Confusing as it seems, ETFs have more than one "price."
First, there’s its actual value, which is measured by net asset value (NAV) at the end of each day and by intraday NAV (iNAV) in the middle of the day.
However, because ETFs trade on an exchange, they also have a current market price—which could be more or less than its actual value.
In short, if the price of the ETF is trading above its NAV, the ETF is said to be trading at a “premium.” Conversely, if the price of the ETF is trading below its NAV, the ETF is said to be trading at a “discount.” In relatively calm markets, ETF prices and NAV generally stay close. However, when financial markets become more volatile, ETFs quickly reflect changes in market sentiment, while NAV may take longer to adjust—resulting in premiums and discounts.
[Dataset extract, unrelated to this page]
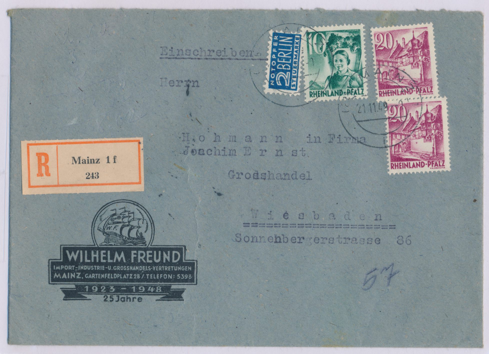 Rheinland-Pfalz 10 und 2x 20 Pfg. und Notopfermarke auf Einschreibbrief im Ortstarif mit Stempel Mainz 1 21.11.49 nach Wiesbaden, Ankunftstempel 21.11.49, portorichtig, Bedarf

This can happen throughout the trading day, because the ETF and its underlying securities are actually two distinct liquidity pools that are only loosely linked.
If optimistic investors start bidding up an ETF aggressively—more so than its underlying securities—the price of the ETF may rise faster than the price of its underlying securities and, consequently, it may trade at a premium. Similarly, if pessimistic investors sell an ETF aggressively, more so than its underlying securities, the ETF may trade at a discount.
Alternatively, premiums or discounts may arise because the ETF and its underlying securities trade on exchanges that are in different time zones.
Consider the scenario of ETFs listed on the NYSE that track the FTSE 100. It’s not uncommon for those ETFs to trade significant volume after the London Stock Exchange closes at 11:30 a.m. ET. The price of these ETFs will reflect real-time changes in market sentiment, while NAV will be based on stale prices from the earlier LSE close.
In this case, any significant deviation between ETF price and NAV will likely vanish when both exchanges are open at the same time.
How are premiums and discounts corrected?
Thanks to the creation/redemption mechanism, deviations between ETF price and its NAV tend to be short-lived. That said, not all premiums and discounts quickly self-correct; some persist for a variety of reasons. In order for an authorized participant (AP) to create or redeem shares quickly, he or she needs access to the underlying securities—which is not always possible.
Sometimes access is just a time challenge: For ETFs holding international securities, there could be a delay before the AP is finally able to access the underlying market and effectively create or redeem ETP shares—the delay can lead to temporary premiums and discounts.
Other times, restricted access to the underlying securities could be symptomatic of more serious structural problems. Depending on the severity, the issuer may even have to halt the creation of new ETF shares.
ETF trading can also be vulnerable to disruption when market conditions become volatile. A case in point: the 2015 Greek market crisis. Despite the fact that GREK, a well established ETF that tracks a market-cap weighted index of Greek equities, continued to trade in New York, Lyxor, its asset manager, imposed a block on investors withdrawing money from GREK. Lyxor said its motive was to protect the holders of the ETF, since there was a risk the price of the ETF could have been manipulated in the absence of activity in the underlying market.
The important thing to remember is that ETFs generally trade close to their fair value, and premiums or discounts tend to be short-lived. However, that’s not always the case, so dig deeper before snapping up a fund simply because it’s trading at a discount (you may have to sell at a bigger discount). Lastly, use limit orders set close to NAV to prevent buying at a large premium or selling at a large discount.